Exercise objective: Beginning at the line containing "Vintage Beautiful Greek", repeat each line below exactly up to and including the line containing "Kogu pesitsusaja on". Do not repeat the pictures.

Supplied information:
-------
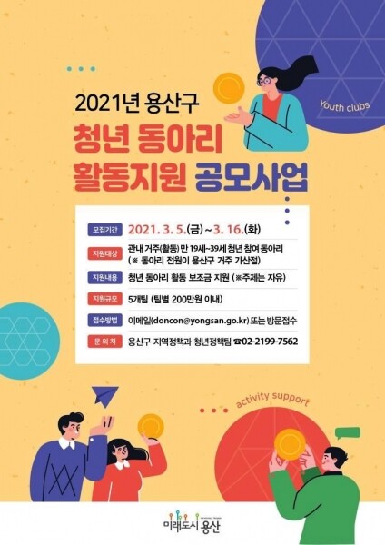 공모 대상은 용산구에 거주하고 있거나 생활권이 용산구인 만 19세에서 39세까지 청년으로 구성된 단체나 모임이다.
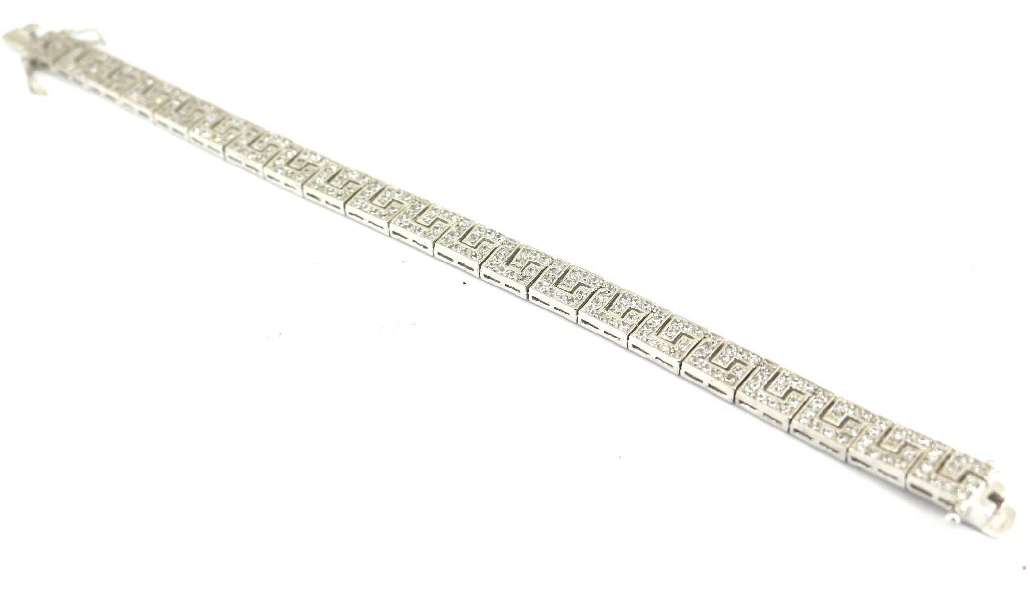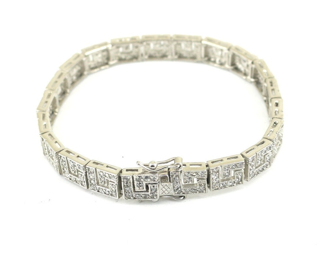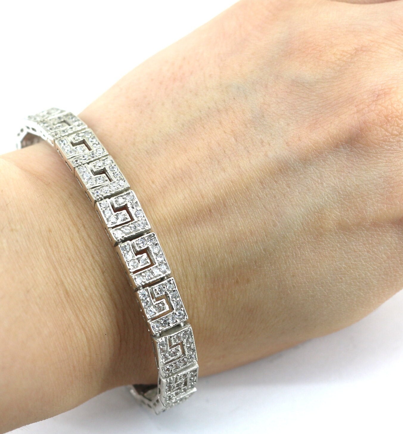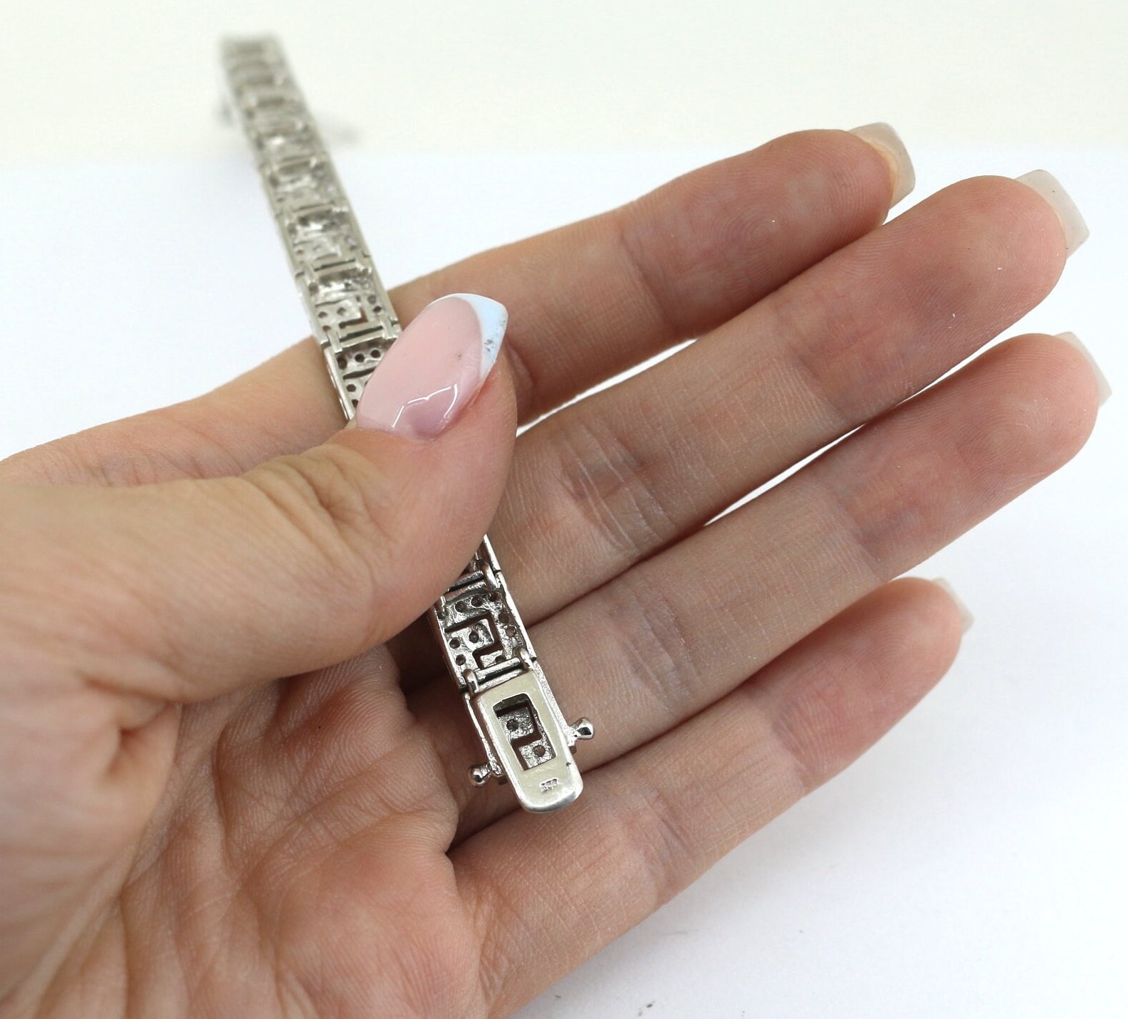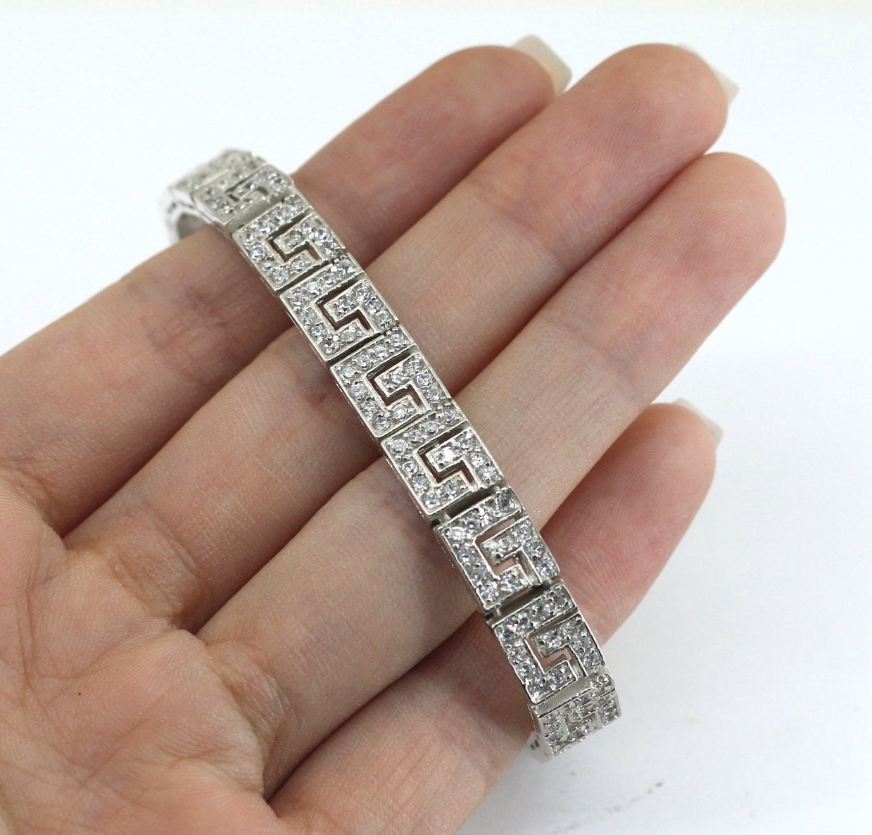 Vintage Beautiful Greek Key CZ Crystals Chain Design Tennis Bracelet 925 Sterling BR 2518
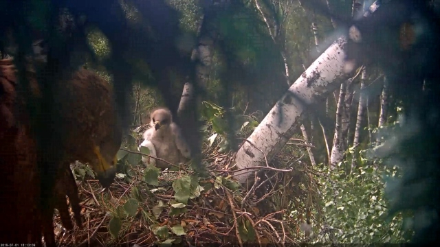 Kogu pesitsusaja on vanalinnud hoidnud pesa roheliste okstega kaetult. Ainus kotkapoeg kasvab ja areneb vanalindude hoolitsedes.
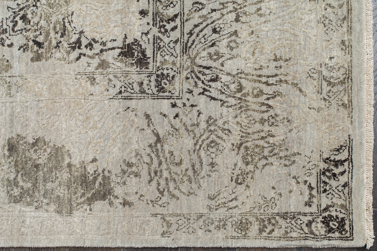 Время и природа — два главных стержня. Впечатление такое, что краски словно стёрлись, а если они и сохраняют яркость, то рисунок сохранился не весь, какие‑то фрагменты утрачены — такова типология этого столь актуального сегодня ковра ручной работы из коллекции illusion.
-------
Solved problem:
 Vintage Beautiful Greek Key CZ Crystals Chain Design Tennis Bracelet 925 Sterling BR 2518
 Kogu pesitsusaja on vanalinnud hoidnud pesa roheliste okstega kaetult. Ainus kotkapoeg kasvab ja areneb vanalindude hoolitsedes.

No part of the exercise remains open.